OpenAI’s latest flagship models GPT o3 & o4-mini are designed to mimic human logic. OpenAI’s GPT o3 & o4-mini are designed to think through things step-by-step, unlike their predecessors which were mainly focused on fluent texts. OpenAI boasted that its o1 program could match or surpass the performance of PhD students, in chemistry and biology. OpenAI’s report reveals some shocking results for those who take ChatGPT responses as they are.
OpenAI discovered that the GPT model o3 incorporated hallucinations into a third benchmark test using public figures. This is double the error rate from the o1 model of last year. The o4 mini model, which is smaller and more compact, performed even worse. It hallucinated on 48% similar tasks.
For the SimpleQA benchmark test, hallucinations grew to 51% for the o3 model and 79% for the o4 mini. This is not just some noise in the system, but a full-blown crisis of identity. It’s not true that a system marketed as a “reasoning system” would double-check the logic it uses before generating an answer.
A theory that is circulating in the AI community says that the more reasoning an AI model attempts, the greater the chance it has of going off track. Models that are simpler and stick to high-confidence forecasts tend to be more prone to go off the rails. Reasoning models, on the other hand, must consider multiple paths, connect disparate data, and improvise. Improvising around facts is known as making up things.
OpenAI told The Times that the increase in hallucinations may not be due to reasoning models being inherently worse. They could be more verbose or adventurous with their answers. The AI can become confused because the new models don’t just repeat predictable facts, but also speculate about possible outcomes. Unfortunately, some of these possibilities are completely detached from reality.
Yet, more hallucinations is the opposite of what OpenAI and its rivals such as Google and Anthropic would like from their most advanced models. AI chatbots are often referred to as copilots and assistants, which implies that they will be helpful. Lawyers have been in trouble before for using ChatGPT without noticing fictitious court citations. Who knows how many other mistakes have caused problems under less serious circumstances?
Sign-up for breaking news, reviews and opinions, top tech deals and more.
As AI systems are implemented in schools, offices, hospitals and government agencies, the chances of a user experiencing a hallucination is increasing. The more sophisticated AI is, the less room for error. It may help with job applications, billing issues, or spreadsheet analysis.
It’s impossible to claim that you are saving people time and energy if they must spend the same amount of time double-checking what you say. These models are impressive. GPT o3 is capable of some incredible feats in coding and logic. It can outperform humans in certain ways. The illusion of reliability is shattered the moment it decides Abraham Lincoln hosted a Podcast or that water boils when the temperature is 80degF.
You should treat any AI model response with a large pinch of salt until these issues are resolved. ChatGPT can be a lot like that annoying guy who brims with confidence and speaks utter nonsense in too many meetings.
You may also like
- ChatGPT crossed a new AI threshold after beating the Turing Test
- AI has made a huge leap forward in IQ and now a quarter Gen Z believes AI is conscious.
- ChatGPT Model Matchup – I pitted OpenAI’s o3, GPT-4o and GPT-4.5 AI against each other, and the results surprised
Sign-up for breaking news, reviews and opinions, top tech deals and more.
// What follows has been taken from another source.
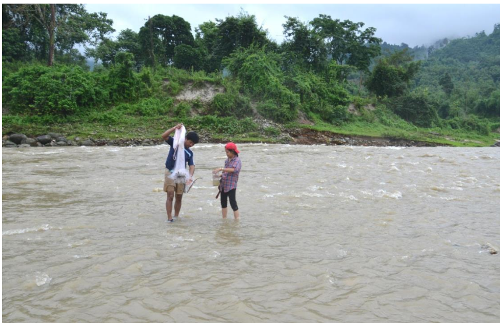
Figure 6 The Poma River, India; Arunachal Pradesh, type locality of Channa pomanensis with authors

In live – Dorsum of head and body tan colored with 7 oblique dark brown bands along flank and one dark brown to dusky cross band at occipital region (sometime indistinct; Fig. 3). Preorbital and postorbital streak light to dark brown, postorbital streak sometime broad and irregular. Lower jaw with white patches on either underside in adult specimens. Flank below lateral line light pinkish brown, scattered with somewhat elongate light brown spots. Ventral surface grayish cream. Dorsal and anal fins with three layers: first, outer margin with a thin white streak, second, a somewhat broad submarginal dark blue streak, and third with sky blue interradial membranes and light brown to grayish brown radials. Pelvic fin light to dark brown with white distal margin. Pectoral fin light brown without distal margin. Caudal fin with light orange distal margin, light to dark brown radials and sky blue to hyaline interradial membrane, consisting about 12–14 narrow brown cross bands (Fig. 5). Eye pupil black with orange ring. A dark brown to dusky band on occipital region.

Eric Hal Schwartz has been a freelance writer at TechRadar for more than 15 years. He has covered the intersection of technology and the world. He was the head writer of Voicebot.ai for five years and was at the forefront of reporting on large language models and generative AI. Since then, he has become an expert in the products of generative AI, including OpenAI’s ChatGPT and Anthropic’s Claude. He also knows Google Gemini and all other synthetic media tools. His experience spans print, digital and broadcast media as well as live events. He’s now continuing to tell stories that people want to hear and need to know about the rapidly changing AI space and the impact it has on their lives. Eric is based out of New York City.